Virtual Assistant News Desk·

Tuberculosis remains a significant public health challenge in the United States, with the CDC reporting 8,300 new TB cases in 2024 — a figure complicated by rising rates of multidrug-resistant TB (MDR-TB) and an increasingly mobile patient population that complicates contact investigation and treatment completion. TB clinics and respiratory infection programs operate at the intersection of individual clinical care and population health management, generating administrative demands that are unlike those of any other specialty.

Why TB Administration Is Distinctly Demanding

Tuberculosis management involves administrative tasks that span months or years per patient. Active TB treatment requires 6 to 9 months of multi-drug therapy, much of it delivered through directly observed therapy (DOT) protocols where staff or trained observers verify each dose. Latent TB infection (LTBI) treatment, while shorter, requires consistent patient outreach and adherence monitoring for programs managing hundreds of patients simultaneously.

Contact investigation is an administrative and logistical operation unto itself. When an active TB case is identified, clinical staff must identify, locate, and test all close contacts — a process that can involve dozens of individuals across multiple settings including households, workplaces, and congregate living facilities.
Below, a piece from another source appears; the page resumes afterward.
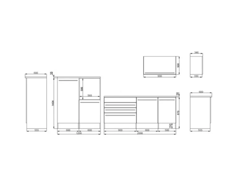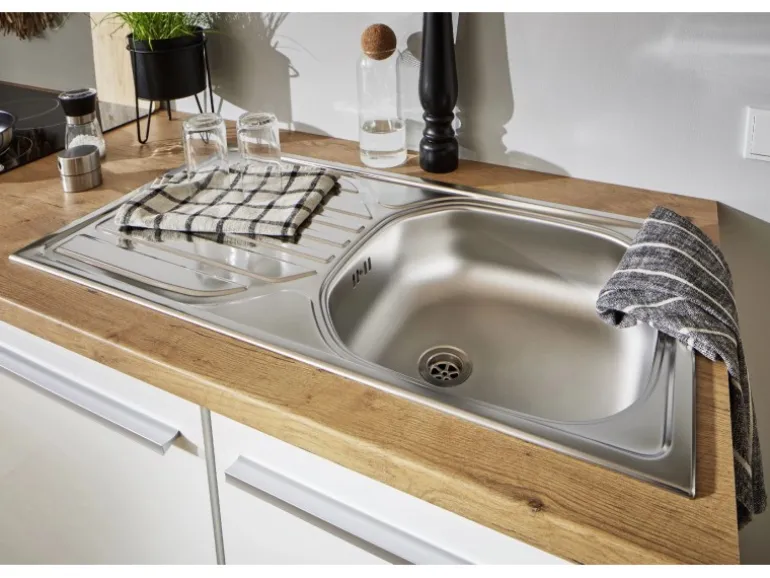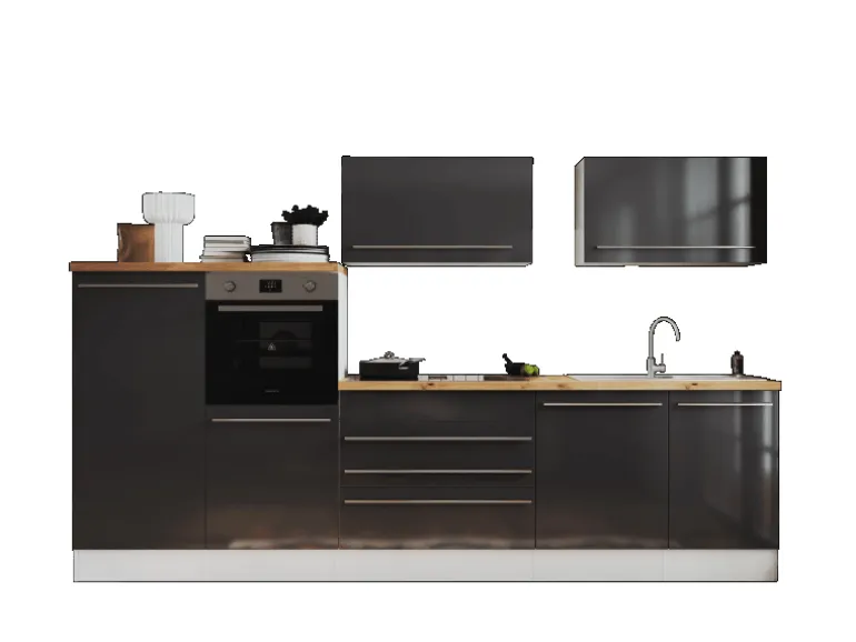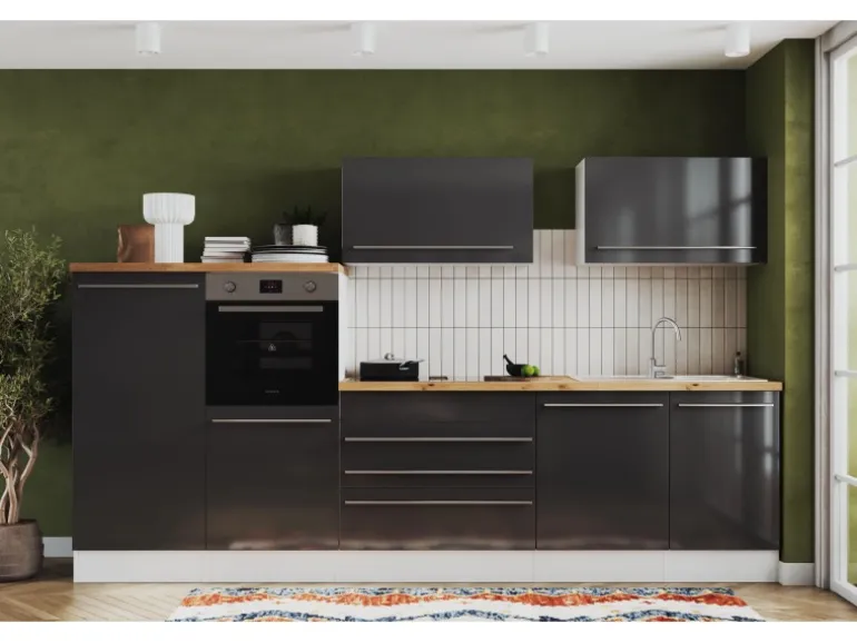 Die Küchenzeile mit Geräten kann nach Wunsch und Bedarf wechselseitig aufgebaut werden. Mithilfe der detaillierten Aufbauanleitung gestaltet sich die Montage der modernen Küche besonders einfach.

The National Tuberculosis Controllers Association's 2025 Workforce and Operations Survey found that contact investigation coordination and DOT scheduling consumed an average of 35% of non-clinical staff time at TB programs — hours that came at the direct expense of patient communication, billing, and data reporting.
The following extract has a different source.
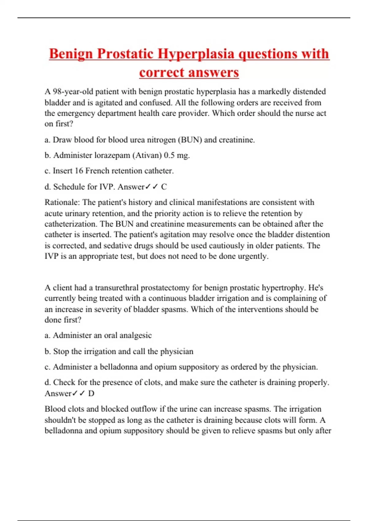 A 98-year-old patient with benign prostatic hyperplasia has a markedly distended bladder and is agitated and confused. All the following orders are received from the emergency department health care provider. Which order should the nurse act on first? a. Draw blood for blood urea nitrogen (BUN) and creatinine. b. Administer lorazepam (Ativan) 0.5 mg. c. Insert 16 French retention catheter. d. Schedule for IVP. Answer C Rationale: The patient's history and clinical manifestations are consistent with acute urinary retention, and the priority action is to relieve the retention by catheterization. The BUN and creatinine measurements can be obtained after the catheter is inserted. The patient's agitation may resolve once the bladder distention is corrected, and sedative drugs should be used cautiously in older patients. The IVP is an appropriate test, but does not need to be done urgently. A client had a transurethral prostatectomy for benign prostatic hypertrophy. He's currently being treated with a continuous bladder irrigation and is complaining of an increase in severity of bladder spasms. Which of the interventions should be done first? a. Administer an oral analgesic b. Stop the irrigation and call the physician c. Administer a belladonna and opium suppository as ordered by the physician. d. Check for the presence of clots, and make sure the catheter is draining properly. Answer D Blood clots and blocked outflow if the urine can increase spasms. The irrigation shouldn't be stopped as long as the catheter is draining because clots will form. A belladonna and opium suppository should be given to relieve
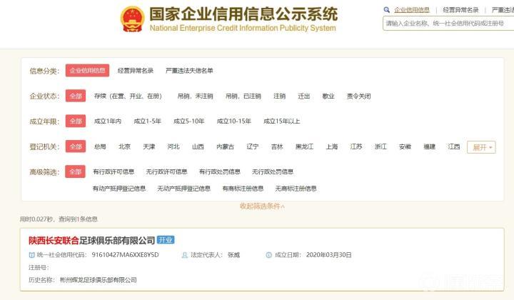 据国家企业信用信息公示系统网站显示,中冠球队彬州辉龙已更名为陕西长安联合足球俱乐部。

Public health reporting requirements add another layer. TB programs must file reports with local and state health departments within defined timeframes, maintain treatment completion records, and submit data for national surveillance.
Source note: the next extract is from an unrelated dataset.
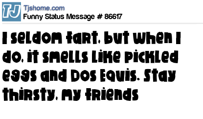 X I seldom fart, but when I do, it smells like pickled eggs and Dos Equis. Stay thirsty, my friends

How a Virtual Assistant Strengthens TB Program Operations

A virtual assistant trained in TB clinic workflows addresses the administrative tasks that strain program capacity.

Contact investigation coordination. When a new active TB case is reported, VAs support the administrative layer of contact investigation: organizing contact lists provided by clinical staff, scheduling TB testing appointments for identified contacts, sending appointment reminders, and tracking testing completion status. They flag incomplete contact follow-up for clinical team attention within defined timeframes.

DOT scheduling and follow-up. VAs manage DOT scheduling matrices, coordinate with community health workers or video DOT platforms, and track adherence status across the patient panel. They initiate outreach for missed DOT encounters per clinic protocols and document outreach attempts in the electronic health record.

Public health reporting support. VAs prepare initial case report forms and supporting documentation for submission to local and state health departments, working from templates and provider-completed clinical summaries. They track reporting deadlines and confirm submission receipt.

LTBI patient outreach and adherence monitoring. For patients on LTBI treatment regimens — including isoniazid, rifampin, or 3HP protocols — VAs manage monthly or bimonthly check-in outreach, compile adherence summaries, and coordinate pill count pickups or pharmacy refills.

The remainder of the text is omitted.